# Integration of factorials

1. Sep 22, 2014

### Nick Jackson

Hello,

well here's my problem: I got this integral and I don't know how to calculate it (I am trying to find if there exists a k that satisfies this relation) :

$$\int_0^k \frac{1}{ ( 4k-4r-2 ) ! ( 4r+1 ) ! }\, \left ( \frac{y}{x} \right )^{4r} dk = \int_0^k \frac{1}{ ( 4k-4r ) ! ( 4r+3 ) ! }\, \left ( \frac{y}{x} \right )^{4r} dk$$

The problem is mainly in the factorial part (they are results of binomial coefficients as you may see)
Any help?

P.S. There probably doesn't exist such a k.

2. Sep 22, 2014

### HallsofIvy

Staff Emeritus
What you have written here is non-sense.

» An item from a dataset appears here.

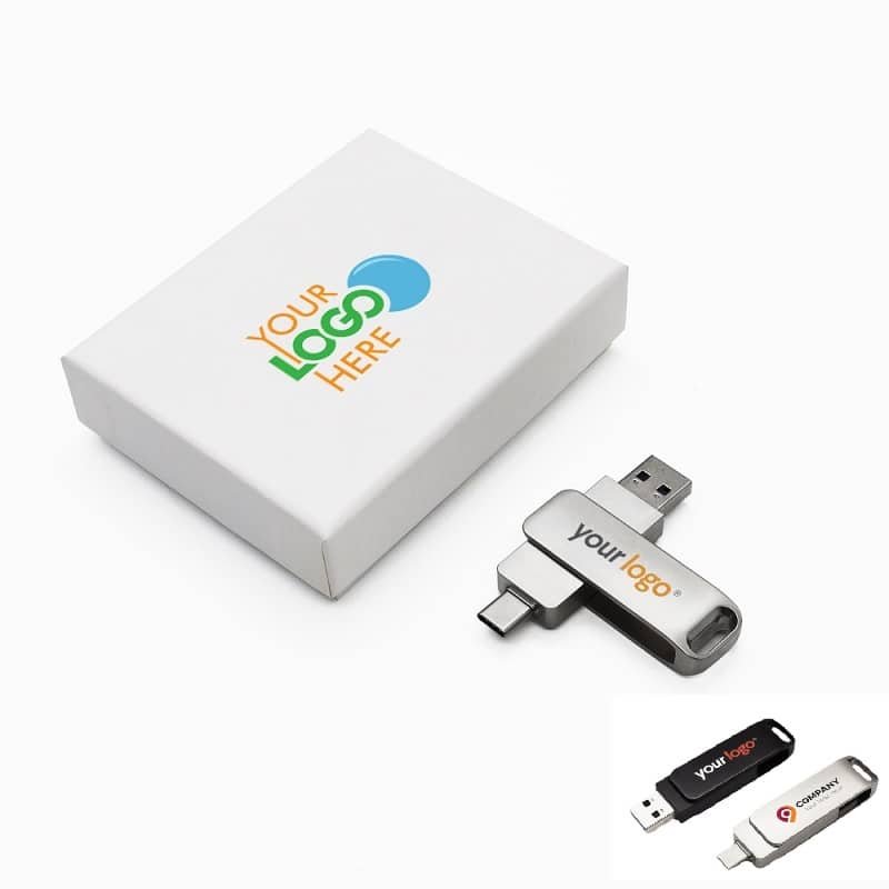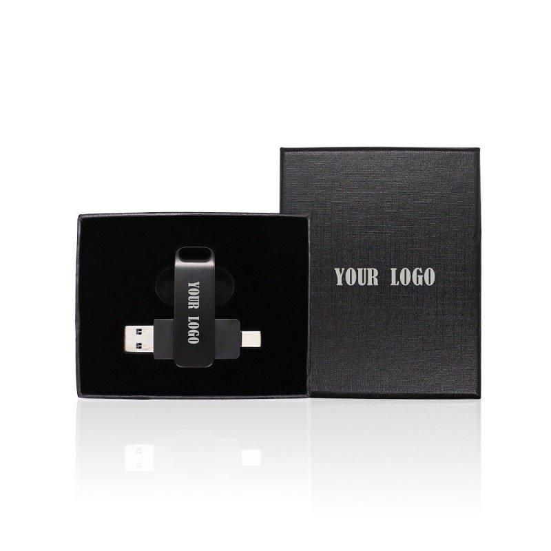 This Type-C USB drive features a reversible Type-C connector along with a standard USB 2.0 connector, offering compatibility with a wide range of devices, including the latest smartphones, tablets, and computers. Engineered for high-speed data transfer, it allows for quick and efficient file transfers, enhancing productivity and saving time. The compact design ensures that it is easy to carry, while the robust build guarantees durability and reliability. Each USB drive comes in an elegant gift box, making it ready for gifting or perfect for storage when not in use. Made from metal material, measuring 8GB, this custom type c flash drive-2 in 1. Usage Scenarios: Office supplies, school stationery, corporate promotions, trade show giveaways. Customization available: Print your logo or customize packaging and color schemes. Product Highlights: Portable, durable, practical for daily use.

For 2 reasons! First is that you cannot have the dummy variable of integration also be a limit of integration. But that is a minor detail- since it is a dummy variable, replace it with some other variable:
$$\frac{\left(\frac{y}{x}\right)^{4r}}{(4r+1)!} \int_0^k\frac{1}{(4p- 4r- 2)!}dp$$$$= \frac{\left(\frac{y}{x}\right)^{4r}}{(4r+ 3)!}\int_0^k\frac{1}{(4p- 4r)!}dp$$

But there is a much more important problem. Whether you call it "k" or "p", the "variable of integration" must be continuous while the factorial is only defined for non-negative integers.

3. Sep 22, 2014

### dextercioby

You could generalize by putting factorial into an Euler Gamma Function, but that would still make no sense.

4. Sep 23, 2014

### Nick Jackson

Sorry I meant to put r in the variable not k. However I see your point about the continuity... I started with having sums in the lhs and the rhs. What do I do now?